Task objective →
An exact copy of the data is required; the images should not appear in it.

[Opening Supplied information section]

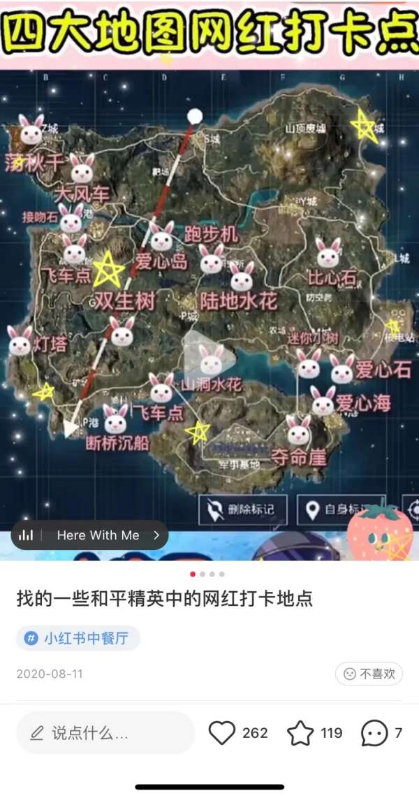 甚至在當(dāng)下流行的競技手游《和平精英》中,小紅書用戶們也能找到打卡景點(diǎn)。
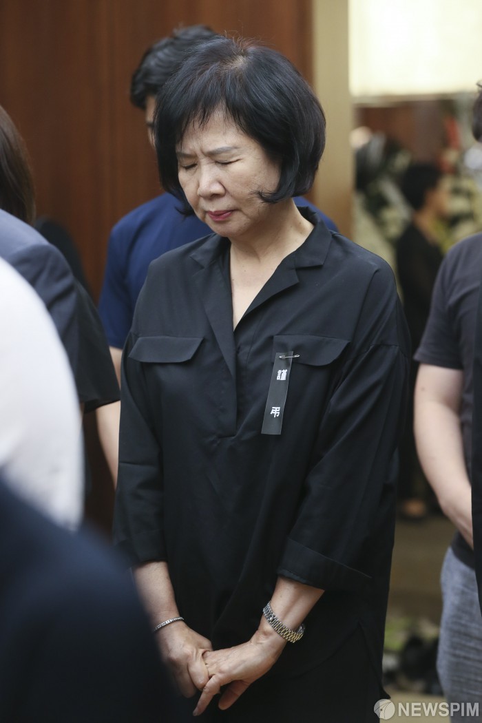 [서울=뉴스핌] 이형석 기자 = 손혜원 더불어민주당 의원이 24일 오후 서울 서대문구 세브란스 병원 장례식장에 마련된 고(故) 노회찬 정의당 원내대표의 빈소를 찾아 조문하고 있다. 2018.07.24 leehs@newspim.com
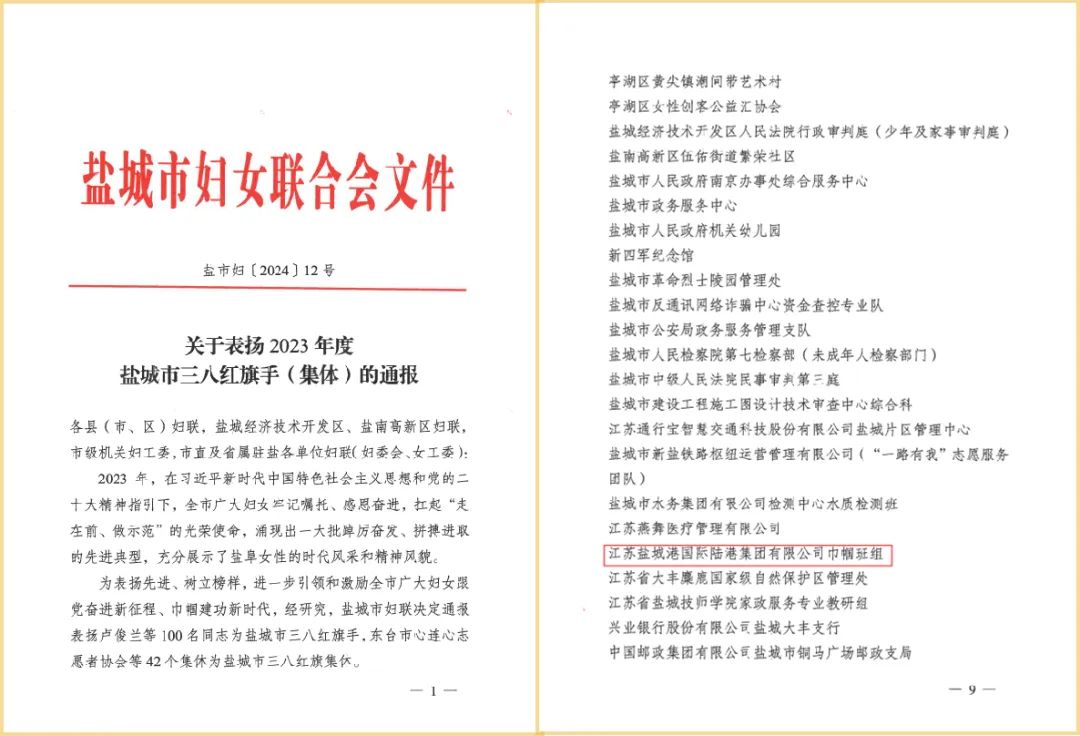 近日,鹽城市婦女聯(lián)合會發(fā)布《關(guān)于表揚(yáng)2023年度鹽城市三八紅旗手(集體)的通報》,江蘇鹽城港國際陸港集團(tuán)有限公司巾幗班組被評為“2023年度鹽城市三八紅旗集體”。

[Closing Supplied information section]

Result for this task →
 甚至在當(dāng)下流行的競技手游《和平精英》中,小紅書用戶們也能找到打卡景點(diǎn)。
 [서울=뉴스핌] 이형석 기자 = 손혜원 더불어민주당 의원이 24일 오후 서울 서대문구 세브란스 병원 장례식장에 마련된 고(故) 노회찬 정의당 원내대표의 빈소를 찾아 조문하고 있다. 2018.07.24 leehs@newspim.com
 近日,鹽城市婦女聯(lián)合會發(fā)布《關(guān)于表揚(yáng)2023年度鹽城市三八紅旗手(集體)的通報》,江蘇鹽城港國際陸港集團(tuán)有限公司巾幗班組被評為“2023年度鹽城市三八紅旗集體”。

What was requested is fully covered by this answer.